* [WHAT YOU ARE ASKED TO DO]: A verbatim transcript of the data below is required, images omitted.

* [INFORMATION SUPPLIED]:
··········

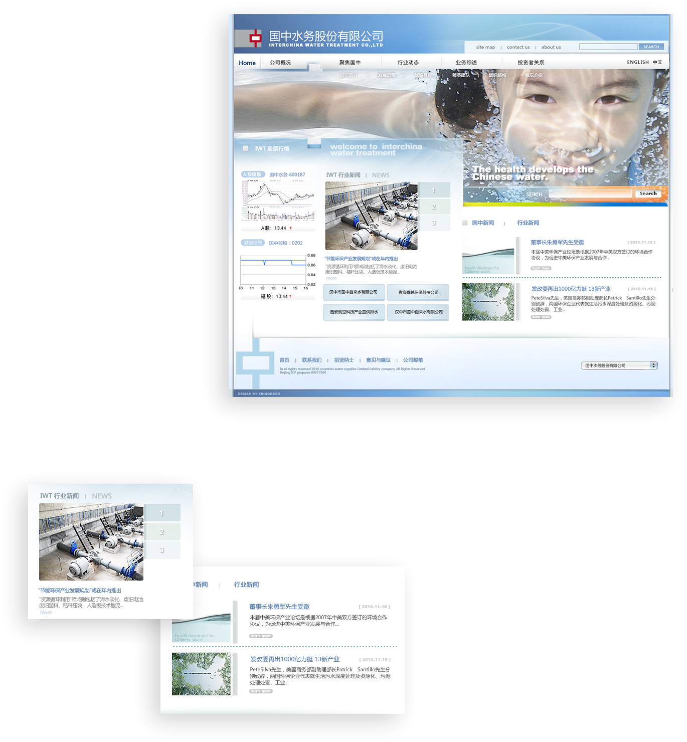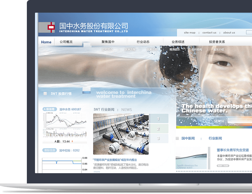 星空(中国)持续为国中控股、国中水务打造官方网站,在兼顾同一体系内企业的视觉统一性的基础上,通过不 同的表达方式塑造个性化的品牌官网
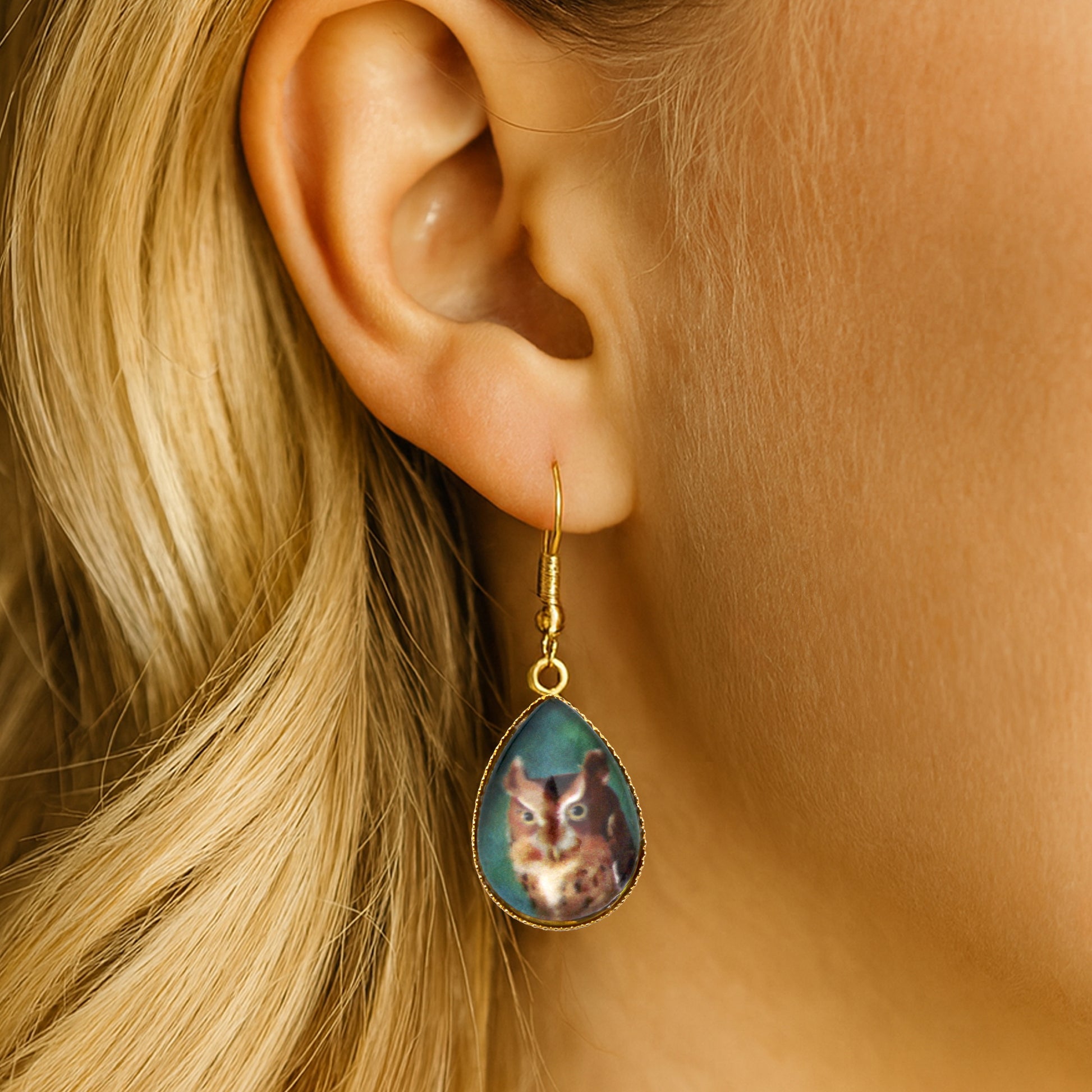 These vibrant teardrop earrings feature a lively hummingbird in shades of purple, green, and orange, using imagery from my original acrylic painting. Lightweight and full of movement, they capture the spirit of this tiny bird in flight. A joyful accessory for nature lovers and anyone who enjoys wearable art.
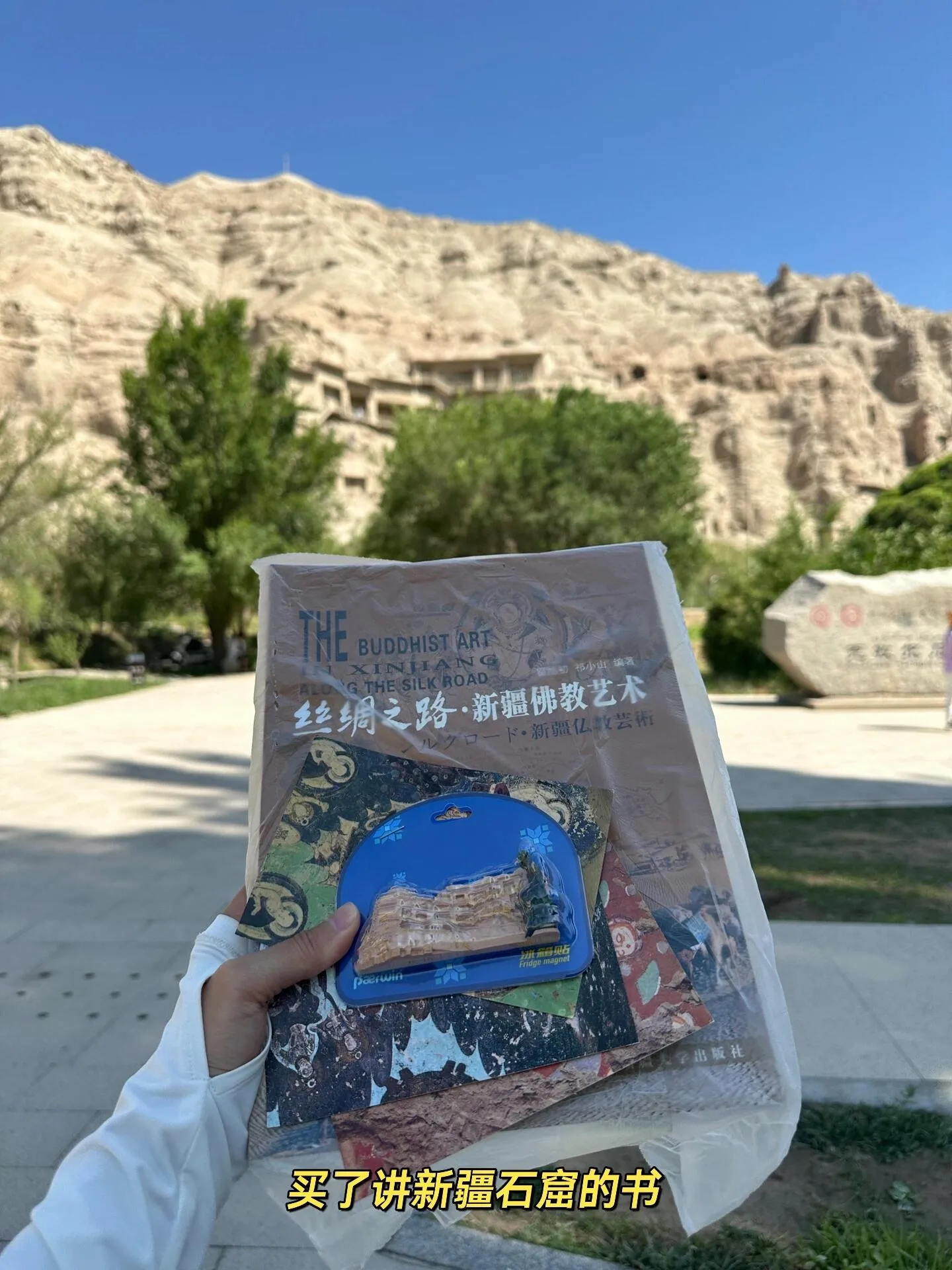 离开时,我买了一本介绍新疆石窟的书 ,通过文字和图片才真正领略到新疆石窟的精美。可惜这些美景如今只能通过书本再次欣赏了。

··········

* [TASK SOLUTION]:
 星空(中国)持续为国中控股、国中水务打造官方网站,在兼顾同一体系内企业的视觉统一性的基础上,通过不 同的表达方式塑造个性化的品牌官网
 These vibrant teardrop earrings feature a lively hummingbird in shades of purple, green, and orange, using imagery from my original acrylic painting. Lightweight and full of movement, they capture the spirit of this tiny bird in flight. A joyful accessory for nature lovers and anyone who enjoys wearable art.
 离开时,我买了一本介绍新疆石窟的书 ,通过文字和图片才真正领略到新疆石窟的精美。可惜这些美景如今只能通过书本再次欣赏了。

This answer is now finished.